Fascination With Facts Fuels Kerry Spencer’s Trivia Mastery

by Kathi Scrizzi Driscoll

Kerry Spencer grew up in a Brewster family where there was always a “push for knowledge.” Books were Christmas presents, she says, and if you weren’t familiar with a word or topic, you checked a dictionary or encyclopedia.
She read her grandmother’s pop culture and gossip magazines, too. An ‘80s kid, she watched a lot of movies and TV, and she became a regular “Jeopardy” and “Wheel of Fortune” fan. Even today, Spencer says, she has “way too many ‘80s song lyrics in my head.” 
At New York’s Siena College, she earned a history degree. Travel generated interest in geography. And Spencer attributes all of that varied background to fueling her 15-year role as Quizmaster Kerry.
Her paying jobs during that time have involved bartending, serving, and handling social media at the Chatham Squire restaurant and in recent years La Bella Vita Kitchen and Bar in Orleans. But every week, Spencer, 51, has also run a trivia night — first at the Squire, then virtually during the pandemic, now at the Red Nun Bar and Grill in Dennis Port.
She’s proud that the contest regularly brings in 50 to 80 people, sometimes more, and often requires adding servers on a shift. 
 “It has a community feeling to it, and there’s a lot of friendly competition, with banter back and forth,” says Spencer, who posts highlights on her Quizmaster Kerry Instagram. “So many people say this is their social night of the week. There are people who are 21, or in their 80s, and I work hard to make it inclusive for everybody.”

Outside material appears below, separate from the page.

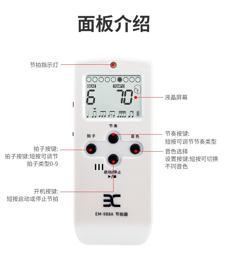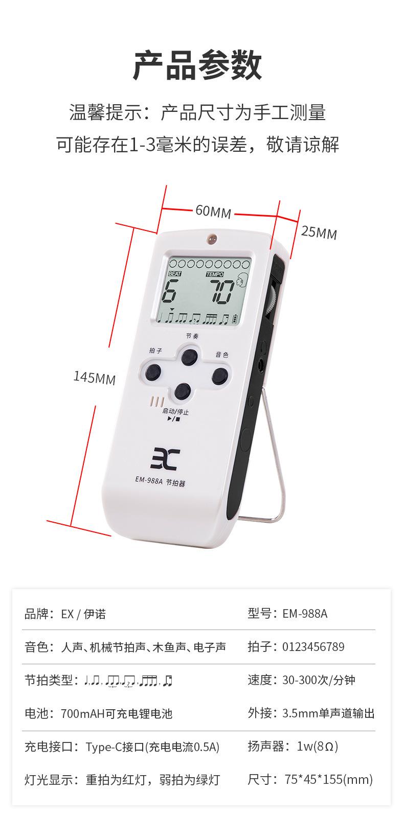 Metrónomo vocal electrónico Eno EM-988A para piano, guitarra, batería, guzheng, violín, universal, recargable
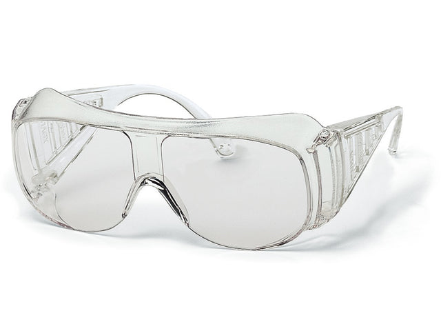 Very comfortable over-goggles with unrestricted side view, suitable to go over most glasses. 180° field of vision, lateral ventilation through the side shields. Without coating. With Polycarbonate side pieces. According to DIN EN 166 -168 and 170.

Her quizmaster days began when the Squire planned a trivia game when those were becoming popular at bars, and Spencer and friend Drew Downing offered to host. After honing the best way to ask questions and what participants most enjoyed, Spencer later continued on her own and now estimates she spends at least four hours weekly preparing questions and games.
While studying history, “I was used to doing so much research,” she says, and jokes. “This is just like doing research, but instead of becoming a teacher or lawyer, I became a trivia host.”
She tries to never repeat a game question — checking herself on long Google docs that catalogue what she’s asked. That’s important in part because her games have fans who have followed her September-to-May seasons for the entire 15 years — moving from the Squire to the Red Nun and even online in 2020-21 when large public gatherings were banned or discouraged.
Online pandemic games attracted not only Cape regulars but Spencer’s far-flung friends, siblings, college roommates, and even a Malaysian team who got up at 7 a.m. to play. 
 “I made this little studio in a corner of the room, made a sign, and it looked like a 1980s ‘Wayne’s World’ situation,” she says with a laugh. Some teams would gather on Zoom, then participate through Spencer’s Facebook Live event. “People would message me their answers,” she remembers. “I think it gave people community at that time, and a place to meet up with their friends, even though it was just over Zoom.”
Spencer enjoys facts and information enough that she sometimes tests her own skills by going to other trivia nights locally or while vacationing with friends. For Red Nun Thursday-night games, she offers four main rounds with four questions each about music, movies, TV, sports, history, and geography. Other topics — art, science, business, Cape Cod, National Parks and more — rotate in to try to address various people’s strengths.
Visuals are also important to Spencer, whose creative outlet is Cape photography, which she posts on Instagram as kerrycapecod. Her bonus rounds for trivia games usually involve identifying images — childhood photos of celebrities was a recent challenge. Spencer also adds questions marking events like the Super Bowl, Valentine’s Day and Halloween, then creates themed nights for Christmas and a year-end review. Final 25-point questions can make all the difference in declaring top winners, who are awarded gift certificates ranging from $50 to $20.
Between rounds, Spencer plays music, which changes weekly. “It’s a lively room, not just ‘Here’s your question,’” she says. “I try to keep the music pretty upbeat, so the energy in the room is upbeat.”
Teams of up to eight people with names like “Quizzards,” “Hocus Focus,” and “Cell Phone Cheater” have different goals. “Some people are real trivia enthusiasts and they're there for trivia and want to win,” she says. “But some teams just come out to be with friends, have a laugh, have some beers, and talk about stuff other than what's going on in the world, or their family, or their life, and have camaraderie.”
Camaraderie for her, too. After returning to Brewster in the late ‘90s to care for her grandmother, Spencer’s circle of friends include many people in the Cape’s close-knit restaurant industry. But she also considers some trivia regulars her friends. 
 “You live in these small towns on the Cape, and it’s really a great local community,” says Spencer. “A night like that kind of shows it and makes it shine.”